The envoys decided further talks would be held soon during the envoys’ visits to Northeastern states along Indo-Burmese border, a ministry official said on Monday. The ambassadors from the Asean countries, Krit Kraichitti of Thailand and Kyi Thein of Burma, met BK Handique, the minister of mines and development of the northeastern region (DoNER) on May 26, a government statement said.
“It’s a courtesy visit,” an official from the DoNER told Mizzima. “The Thailand and Burma ambassadors called up BK Handique for a meeting, and … came to the conclusion they would visit the Northeastern Region to explore the possibility of promoting tourism and trade in a two-phase visit.”

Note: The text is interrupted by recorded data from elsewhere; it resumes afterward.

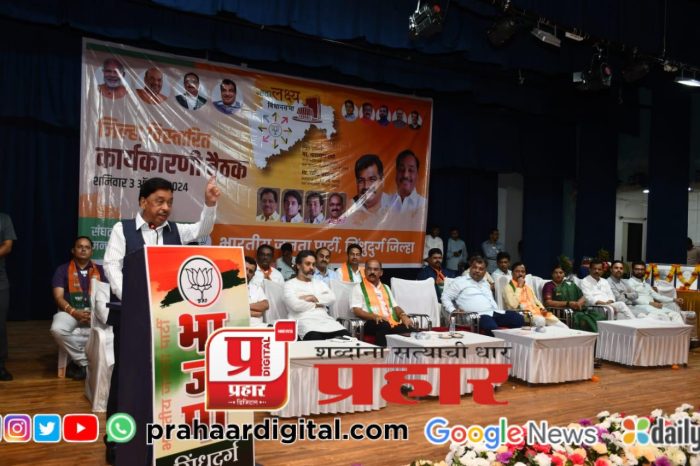 सावंतवाडी येथील बॅरिस्टर नाथ पै सभागृहात आयोजित विस्तारीत जिल्हा कार्यकारीणी बैठकीचे उद्घाटन खासदार नारायण राणे यांच्या हस्ते भाजपचा झेंडा फडकवून तसेच व दीप प्रज्वलनाने झाले. यावेळी उपस्थित पदाधिकारी व कार्यकर्त्यांना मार्गदर्शन करताना ते बोलत होते. यावेळी राज्याचे सार्वजनिक बांधकाम मंत्री तथा पालकमंत्री रविंद्र चव्हाण, भाजपचे प्रदेश सरचिटणीस माजी खासदार निलेश राणे, भाजपचे जिल्हाध्यक्ष प्रभाकर सावंत, सावंतवाडी विधानसभा प्रमुख माजी आमदार राजन तेली, माजी आमदार प्रमोद जठार, महिला जिल्हाध्यक्षा सौ. श्वेता कोरगांवकर, जिल्हा बँक अध्यक्ष मनीष दळवी, जिल्हा उपाध्यक्ष संजू परब, जिल्हा सरचिटणीस महेश सारंग, भाजयुमोचे प्रदेश उपाध्यक्ष युवराज लखमराजे भोंसले, विशाल परब, शहर मंडल अध्यक्ष अजय गोंदावळे, जिल्हा परिषदेचे माजी अध्यक्ष अशोक सावंत, उपाध्यक्ष रणजित देसाई, एकनाथ नाडकर्णी, प्रसन्न देसाई, सुधीर दळवी, दादा साईल, रविंद्र मडगांवकर, पुखराज पुरोहित, प्रमोद रावराणे, राजू राऊळ, मनोज नाईक, आदी उपस्थित होते.
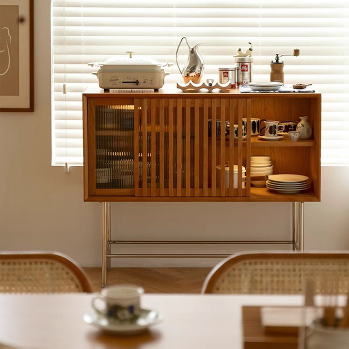 Enhance your living or dining room with our Wood Storage Sideboard Buffet. Featuring a glass door and a rustic fencing design, it offers both farmhouse style and additional storage. The functional sliding doors roll smoothly on a sturdy track, perfect for storing kitchenware or more. Crafted from solid pinewood with a weathered finish for a retro charm, it's supported by a stable metal frame.
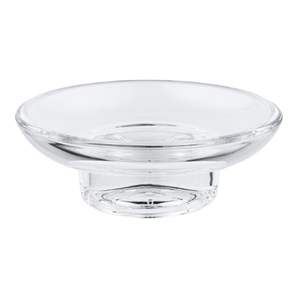 GROHE Essentials er en såpekopp av glass som passer i følgende holder: Essentials (40 369 xx1/102 466 2430), Essentials Cube (40 508), Bau Cosmopolitan (40 585), Essentials Authentic (40 652).
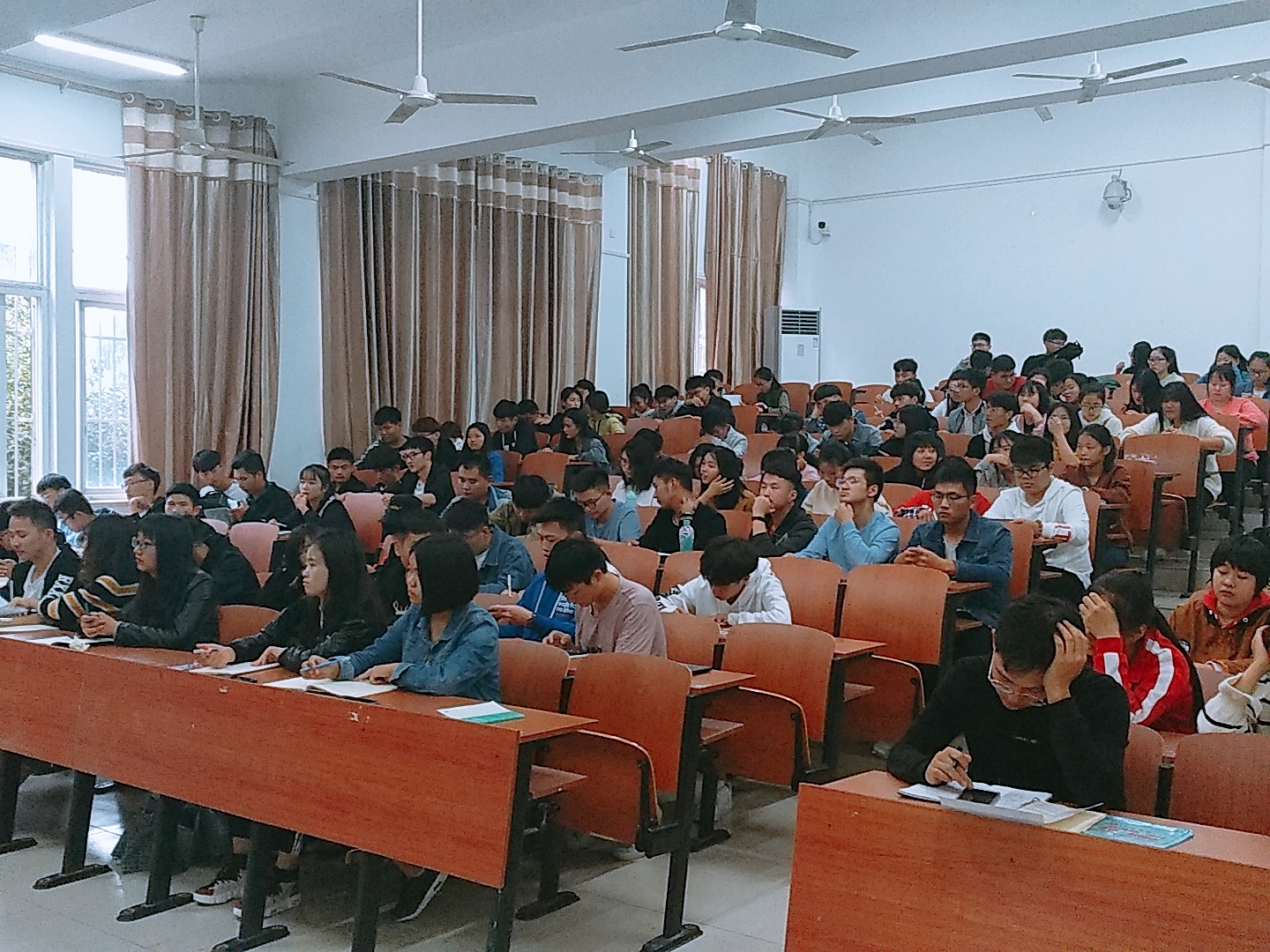 本次大会由信息工程学院学院新闻中心教师魏居娴主持。她首先阐述了本次培训的目的和意义,紧接着通过严谨的板书和精彩的概述,全面而深刻地讲解了“什么是新闻”,并着重讲解了新闻的要素、结构、撰写注意事项等各方面问题。整个讲授过程中,内容简明扼要,清晰明了,认真思考积极记录,受益匪浅。大会的最后,魏居娴又对新闻摄影进行了详细介绍,并分享了2017年世界新闻摄影大赛(荷赛)的获奖作品,以帮助与会学生更好地了解新闻构图。
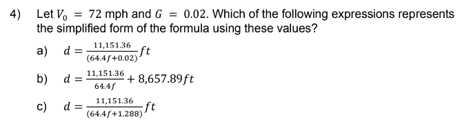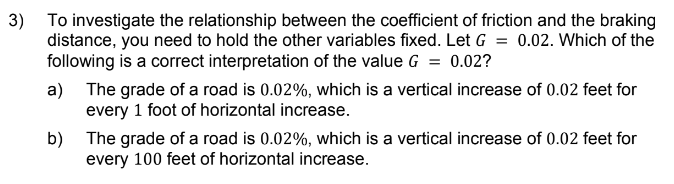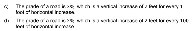 Roadway grade percent written as a decimal | arrow_right_alt | f |
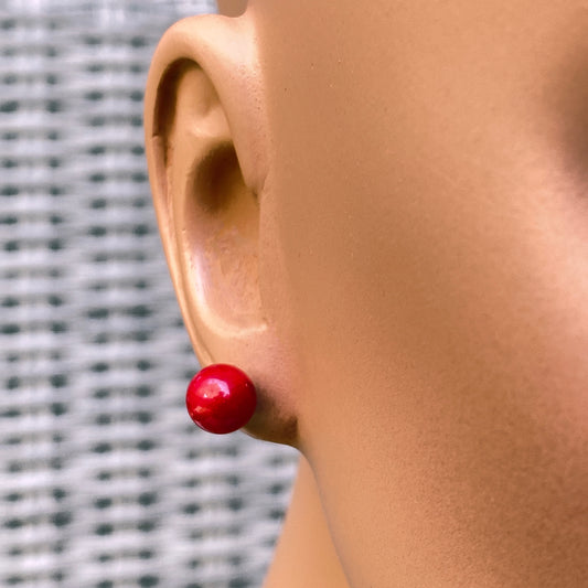 Red Coral Stud Earrings on Sterling Silver Posts
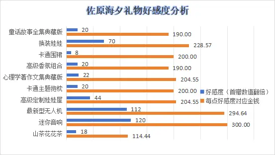 从表格中可以看出,其偏好礼物好感度总体加值较低,最好配合协同等级解锁的其他礼物一起赠送,日常多赠送9级协同能力解锁的“高级精油组合”、“栗子蛋糕”,以及本身偏好的“高级定制娃娃屋”,适当配以“最新型无人机”与“迷你音响”这类昂贵礼物快速提升等级。制作礼物“山茶花花茶”好感度数值一般,首赠后建议以其他礼物为主。
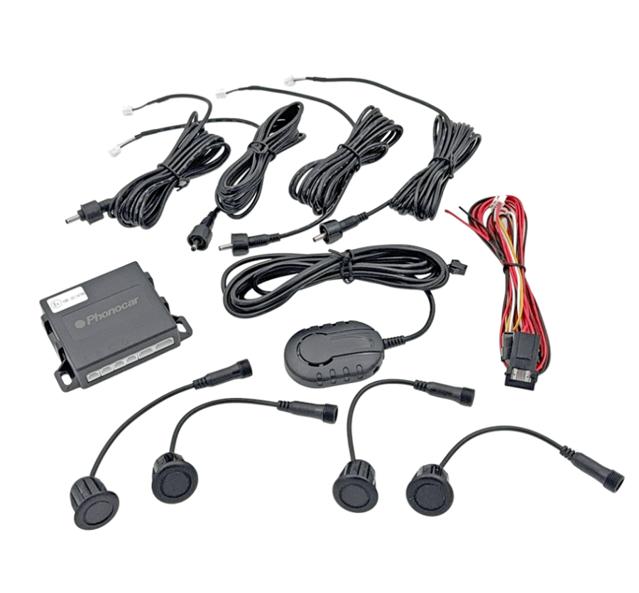 Kit comprenant quatre capteurs de stationnement, une alarme Summer, des câbles et des instructions de montage. Le système est conçu pour un montage sur le pare-chocs avant ou arrière du véhicule. Un montage à l’avant du véhicule requiert un interrupteur A8 (disponible en option) pour garantir un fonctionnement correct.
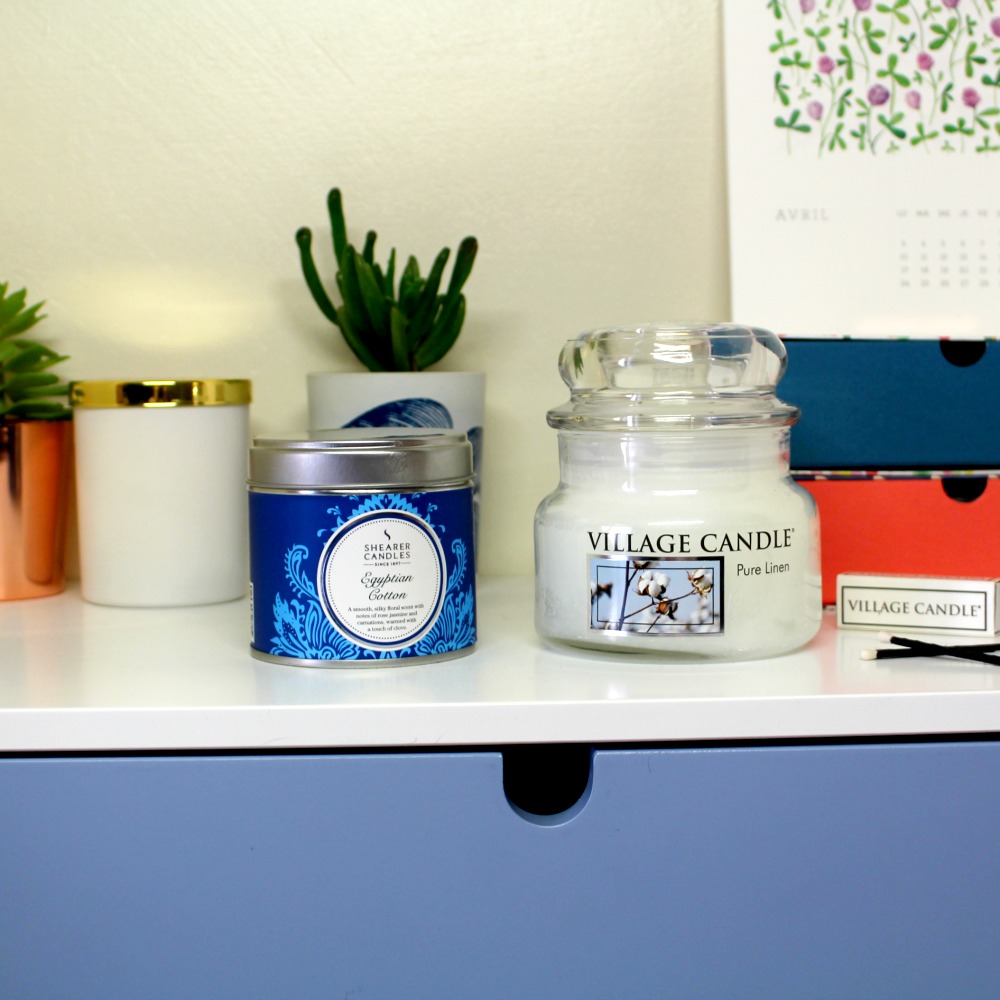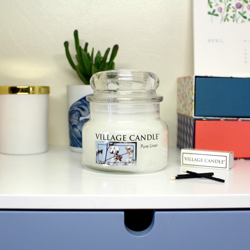 Ensuite, j’ai choisi la bougie Pure Linen de Village Candle, qui a 2 mèches et pèse 700 grs, pour 45 h de combustion (je dirais +). Celle ci sent vraiment bon le propre et le frais aussi, peut-être un peu plus dans un esprit lessive.
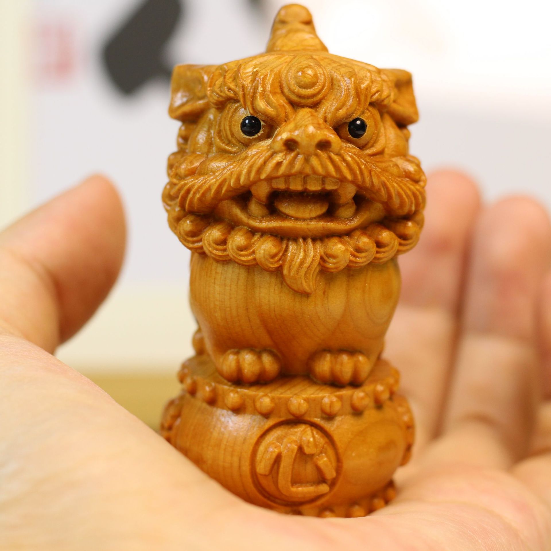 黄楊の木はライオンの頭を彫刻します。
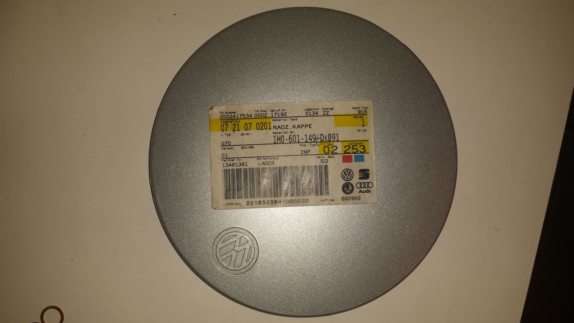 Ein 25 Jahre alten unbenutzen Felgendeckel für meine VR 6 Alufelgen. Jetzt habe ich entlich alle 4 zusammen.
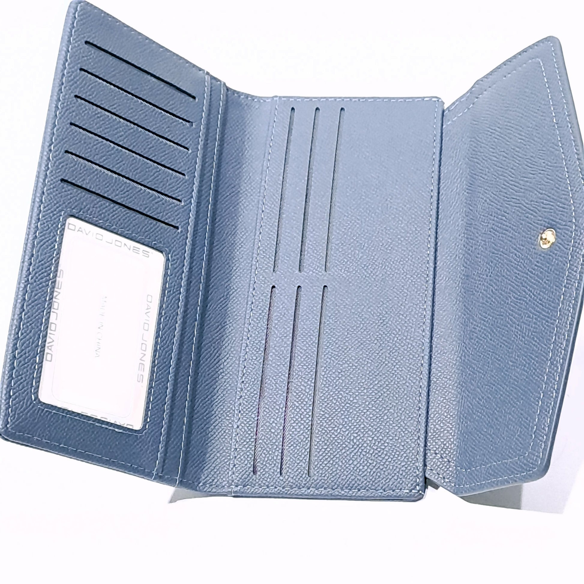 Ce grand portefeuille en 3 battants clipsés offre un nombre considérable de poches et rangements. Il se mariera parfaitement avec les sac David Jones de la même couleur, mais également dans votre propre sac à main.
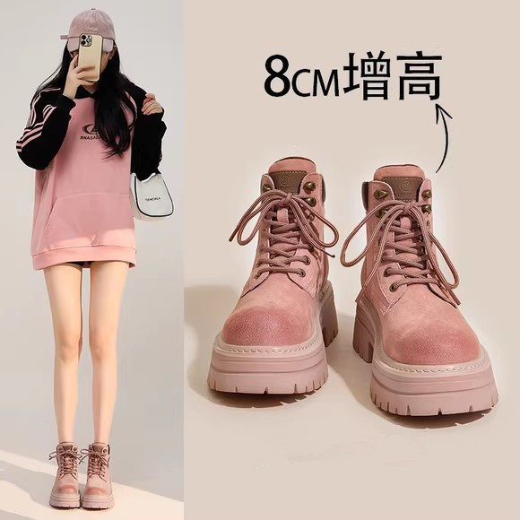 跨境厚底增高马丁靴女2025秋季新款短靴女款时尚休闲百搭粉色靴子
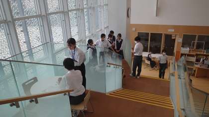 図書室が2階にわたって設計されている点 2階部分が開放されている点 学習情報センターという名称 学校の中心に設計されている点 の4点が全国的にも珍しいとのことで図書室が研究対象となりました。貸出冊数だけでなく、図書室の利用の仕方も研究対象とのこと。図書室で行う授業や、各教室での授業も情報収集し比較・検討に入っています。只今、解析中で結果は来春に発表可能とのこと。楽しみです。
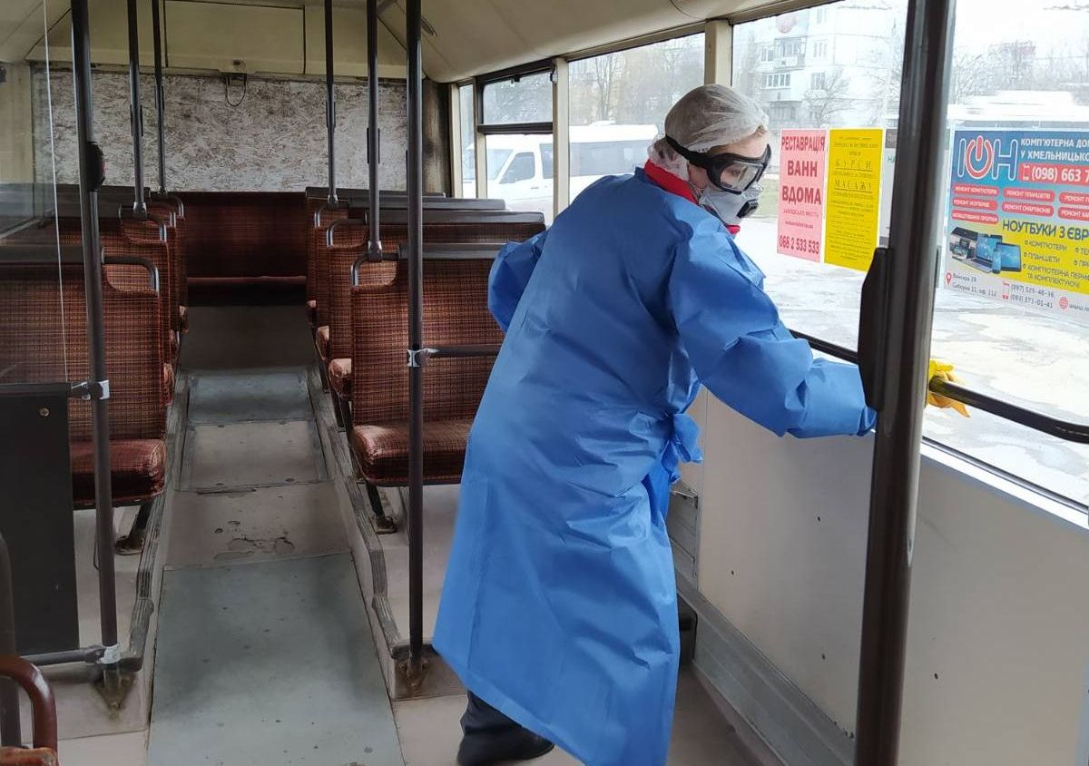 З 26 лютого у Хмельницькому почали дезінфікувати комунальний транспорт. В тролейбусах та автобусах здійснюють вологе прибирання, протирають поручні, спинки крісел хлорвмісними або спиртовмісними засобами. Громадський транспорт та зупинки Хмельницького додатково обробляють дезінфікуючими засобами. Окрім тролейбусів, знезаражують усі 124 зупинки та 5 диспетчерських пунктів. Комунальне підприємство «Електротранс» закупило маски та рукавички для водіїв і кондукторів. Крім того, 30 захисних костюмів, 200 окулярів та 100 респіраторів надали представники християнської місії «Допомога».
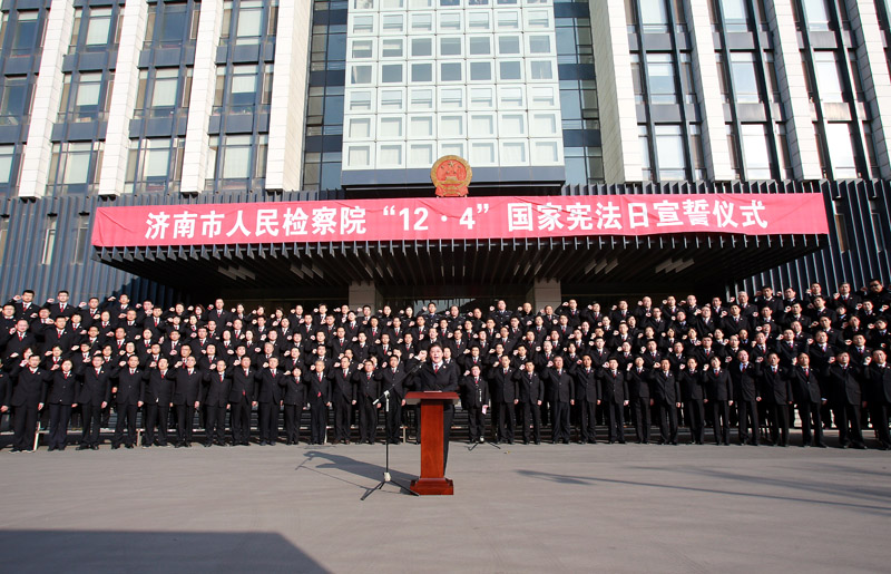 为深入学习贯彻党的十九大精神,增强宪法意识,弘扬宪法精神,维护宪法权威,12月4日上午,市院举行了国家宪法日宣誓仪式,市检察院党组书记、检察长宋文娟领誓并讲话,市院机关全体检察干警参加活动。
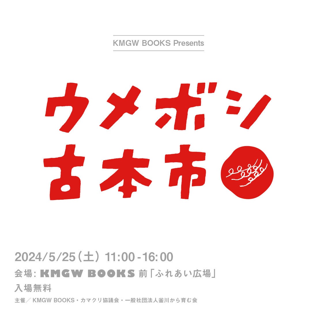 5/25(土)にKMGWBOOKS前のふれあい広場にて、「ウメボシ古本市」を開催します!
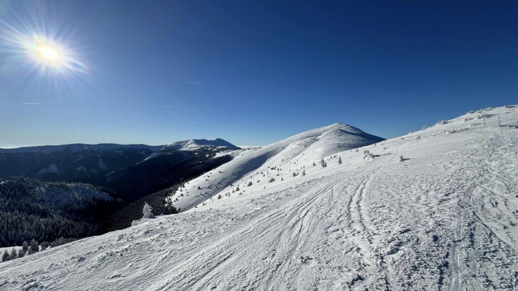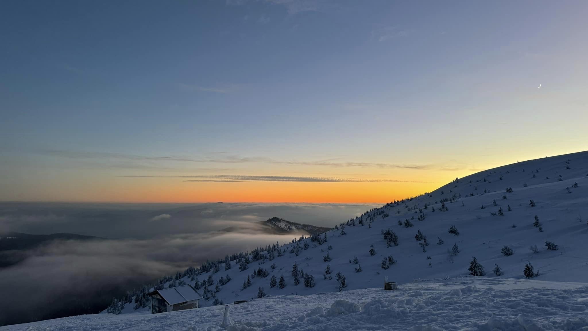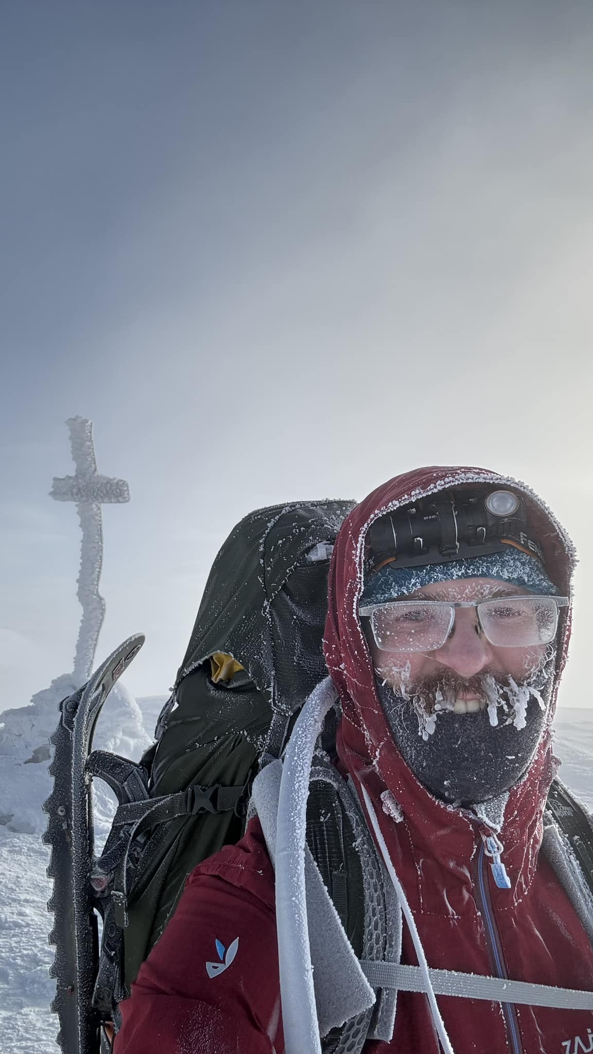 "Ani Kráľova hoľa nemá tak ťažký nástup na hrebeň. Každopádne obul som hneď ráno technické mačky, pretože intuícia mi vravela, že reťaze nebudú postačovať a nemýlil som sa. Hneď na prvom kilometri sa zahryzli do ľadu jak nôž do masla a mal som istejší krok. Po hodine som sa dostal nad úroveň kosodreviny a zrazu sa stopa zatočila kolmo do svahu doľava. Pozerám sa, tyče zimného značenia idú tiež smerom hore, tak reku zaťať zuby a len ísť. Počasie sa nie a nie umúdriť, vietor fúkal oblaky dole do doliny, aj nejaký ten sneh sfukovalo," napísal Michal na sociálnej sieti.
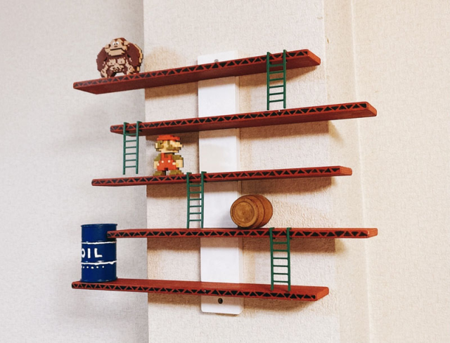 推主ミキ(@miki800)最近在IKEA買了能固定在牆上的層板架「LUSTIGT」,內容物就是五片層板和附屬的小梯子,而作者也利用這個層板架來打造遊戲中的關卡場景,從把層板上色到放置遊戲中的梯子、木桶和鐵桶,然後將小瑪利歐和大金剛放上去就完成了遊戲中第一關的場景。
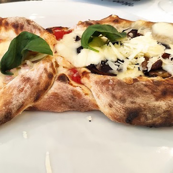 Pan de pizza cerrada, mozzarella, berenjena, longaniza y parmesano

“The minister of mines and DoNER would be co-ordinating the two-phased visit, which includes Mizoram, Manipur and Tripura in the first phase and Sikkim, Nagaland and Arunachal Pradesh on the second,” the ministry official said, referring to six of the country’s northeastern states. The tour date was yet to be set and “will be finalised after consulting the respective ministers. We are hoping it will be in … August and September”, he said.
The Burmese ambassador gave Handique a report on the road linking Zokhta in Mizoram State with Setpytpin in Burma. He said Burma was acting on India’s request that development of the road be expedited, the statement said.
The road is part of the “Kaladan multi-modal transit transport project” financed by India, which aims to boost links between ports on India’s eastern seaboard and Sittwe in Arakan (Rakhine) State, Burma.
From there goods will be shipped along the Kaladan River from its confluence near Sittwe to Paletwa in Chin State and by road to India’s Mizoram State, which will provide an alternate route for transport of goods to India’s landlocked northeast, according to the ministry’s website.
According to the official, measures to promote border trade were also discussed and a recent notice from India’s export-import watchdog, the Directorate General of Foreign Trade, expanding permitted commodities for trade along the Indo-Burmese border, was also presented.
A list of 21 commodities had been allowed for trade with Burma but on May 12, the watchdog added 18 categories to the permitted items that included bicycle parts, life-saving drugs, fertilisers, spices, incense sticks, sugar, salt and stainless-steel utensils.
The meeting also aimed to build cultural ties.
However India’s soft diplomacy with Burma keeps one eye firmly fixed on the latter’s natural energy resources. Indian government corporations such as ONGC and gas transporter GAIL (India) have secured stakes in gas-field development and onshore pipeline projects in Burma.